LE PÉCHÉ CONTRE L'ESPRIT SAINT

Est 4, 1-8 + 15-16 ; Lc 12, 1-12

(8 octobre 2008)

Homélie du Frère Jean-Philippe REVEL

 

F

rères et sœurs, comme cela arrive assez souvent dans l'évangile de saint Luc, l'évangéliste a rassemblé dans un même développement des paroles diverses et des événements divers qui ont trait à un même thème. Ici, il s'agit du thème des persécutions et de la manière dont les chrétiens doivent se comporter en face de ceux qui essaient de les faire blasphémer et qui les emprisonnent.

Sur ce sujet, la première chose, c'est que Jésus demande à ses disciples de ne pas avoir peur. Il leur dit: "Même le plus petit passereau ne peut pas tomber du ciel si Dieu n'est pas au courant". Dieu sait tout ce qui se passe. Il va plus loin, il dit : "Même les cheveux de votre tête sont comptés". Cela ne veut pas dire qu'aucun mal ne peut arriver aux disciples, cela veut dire que Dieu est présent à tous les événements, et que s'ils sont persécutés, Dieu est à côté d'eux, et qu'il prend soin d'eux plus encore qu'il ne prend soin des passereaux et même des cheveux de notre tête.

Un peu plus loin, Jésus dit : "Ne vous faites pas de souci sur ce que vous aurez à répondre à ceux qui vous interrogent, aux juges qui essaient de vous faire abjurer. N'ayez pas peur. Il n'est pas nécessaire de préparer votre discours car l'Esprit Saint parlera dans votre cœur." Il faut donc devant l'hostilité, devant la persécution éventuellement, mais aussi devant l'incompréhension des autres, il faut nous reposer sur l'Esprit Saint, dans la grâce de Dieu qui nous est donnée et qui suffira pur nous faire dire le message du Christ, l'évangile, quels que soient ceux qui nous menacent. Voilà ce qu'il faut retenir de cette page.

Il y a au milieu de ces différentes affirmations relatives aux persécutions, il y a une phrase particulièrement difficile et qui a été interprétée comme on l'a pu, mais jamais de façon satisfaisante. C'est cette parole de Jésus : "Quand quelqu'un dit une parole contre le Fils de l'Homme cela pourra lui être pardonné, mais quand il aura blasphémé contre le saint Esprit, cela ne lui sera pas remis". Comment se fait-il qu'on puisse rejeter le Christ et être pardonné, et quel est ce mystérieux blasphème contre l'Esprit qui lui, ne peut pas être pardonné ? D'abord, est-ce que nous seront pardonnées nos trahisons à l'égard du Christ ? Juste dans le passage qui précède, Jésus semble dire exactement le contraire : "quiconque se sera déclaré pour moi devant les hommes, le Fils de l'Homme se déclarera pour lui devant les anges de Dieu, et celui qui m'aura renié à la face des hommes sera renié à la face des anges". Si nous sommes reniés quand nous renions le Christ, comment peut-il dire ensuite que si nous disons une parole contre le Fils de l'Homme cela nous sera pardonné ? C'est très mystérieux, je ne vois pas comment nous pouvons élucider exactement l'apparente contradiction entre ces deux affirmations.

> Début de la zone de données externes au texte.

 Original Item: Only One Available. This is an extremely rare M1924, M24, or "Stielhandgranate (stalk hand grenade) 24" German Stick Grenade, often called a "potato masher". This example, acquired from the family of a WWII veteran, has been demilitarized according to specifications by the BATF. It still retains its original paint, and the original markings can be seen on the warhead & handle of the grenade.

Plus grave encore, quel est ce blasphème contre le Saint Esprit qui lui, ne pourra jamais être pardonné? Peut-être pouvons-nous avoir une lueur, car si le Père est celui qui nous a créés, si le Fils est celui qui a voulu nous sauver et qui pour cela s'est incarné, est mort et est ressuscité, l'Esprit est celui qui fait pénétrer la grâce à l'intérieur de notre cœur et qui nous remplit de la présence de Dieu. Blasphémer contre l'Esprit, c'est sans doute refuser de reconnaître cette présence de Dieu en notre cœur. Il est certain que si nous ne considérons pas que Dieu fait partie de notre vie, que Dieu est présent en nous et qu'ainsi la grâce de Dieu nous pénètre et peut nous pardonner, si nous ne croyons pas que Dieu nous pardonne, effectivement à ce moment-là, nous ne serons pas pardonnés. Il faut que nous ayons confiance dans la miséricorde de Dieu pour que cette miséricorde puisse s'accomplir dans notre propre cœur. Si nous refusons cela au nom d'une justice vengeresse de Dieu, au nom d'une sévérité morale, si nous n'acceptions pas ce pardon, cette miséricorde, alors nous serons certainement perdus, parce qu'il faut croire à la miséricorde pour la recevoir.

Que nous soyons toujours confiants dans cette grâce de Dieu que l'Esprit Saint répand dans nos cœurs, et qui, quelles que soient nos fautes, suffira à nous sauver.